Implementation Notes • mixvlmc

This document contains some implementation notes for the mixvlmc package.

Suffix tree

The package uses suffix trees to build efficiently context trees. Suffix trees are constructed from the integer representation of the discrete time series, assuming that they contain only non negative integers. As a consequence, negative values can be used as sentinels.

Following Garivier’s paper we build the suffix tree of the reverse sequence (in other words the prefix tree).

Representation

The suffix tree is represented by a main C++ class SuffixTree which uses EdgeNode objects internally. As indicated by the name, an EdgeNode represents both a node in the suffix tree and the edge used to reach it from another node.

An EdgeNode contains:

a compact representation of the subsequence that labels its edge using start and end as the position of this subsequence in the main one. start is included in the subsequence end is not.
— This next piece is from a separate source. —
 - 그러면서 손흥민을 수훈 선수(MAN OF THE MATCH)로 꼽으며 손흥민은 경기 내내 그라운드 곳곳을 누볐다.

During the construction of the suffix tree end can be set to n+1 where n is the length of the main sequence. This is the classical trick used to represent open ended edges;
a dictionary of its children (if any): this maps an element of the sequence to (a pointer to) the corresponding child NodeEdge;
a suffix pointer that represents a suffix link;
a parent pointer that points to the parent node (used during node expansion);
a counts pointer to a map that maps values to the number of times the subsequence represented by the current node (from the root) is preceded by this value in the original sequence;
an integer total_count which gives the number of occurrences of the subsequence when preceded by another value;
an integer depth that gives the length of the subsequence represented by this node;
a positions pointer that points to a vector of positions of the subsequence in the original sequence.
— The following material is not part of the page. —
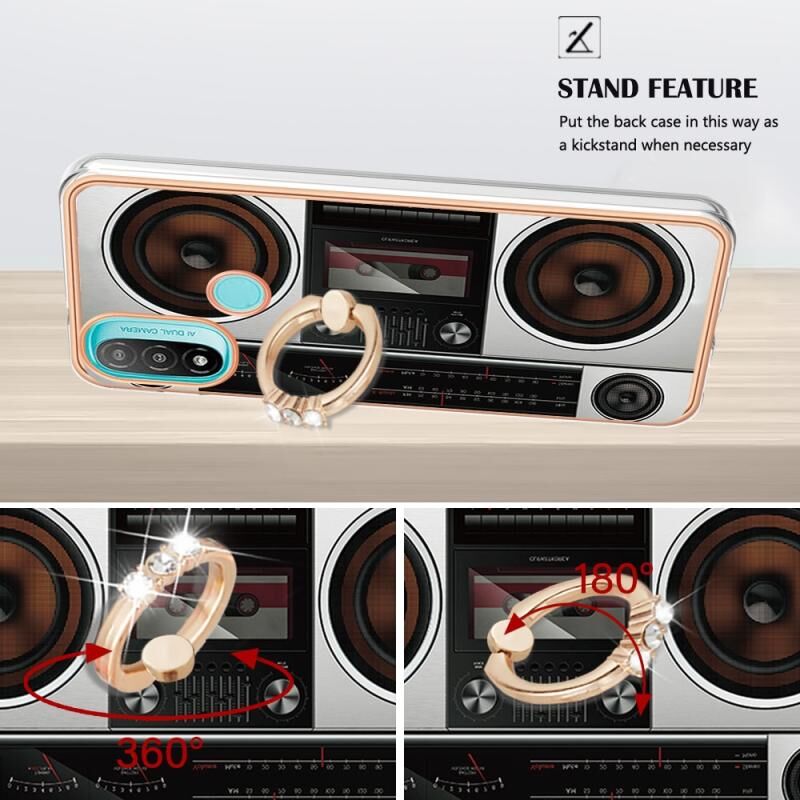 Θήκη τηλεφώνου με δακτύλιο στήριξης (Retro Radio) για Motorola Moto E20 / E30 / E40 με ηλεκτρολυτική επιμετάλλωση και διπλής όψης IMD.

Notice that only the start, end, suffix and parent are set during the suffix tree construction.

Construction

The suffix tree is constructed using Ukkonen’s algorithm. More precisely, for a sequence x, we build the suffix tree of rev(x)[-1]: the tree contains all the prefixes of x without its last value. This guarantees that all sub-sequences detected by the tree appeared followed by at least one value, which makes them potential contexts. Notice that following a link in the suffix tree corresponds to extending a context into the past which is exactly what is needed for the practical use of the suffix tree as a context tree.

Counts

After the construction of the suffix tree, the compute_counts method is used to compute the number of occurrences of each subsequence represented by the suffix tree as well as the distribution of the values that follow them in the original sequence, as proposed in Garivier’s paper. The method uses rev(x)[1], that is the last value of x to include this final value in the counts.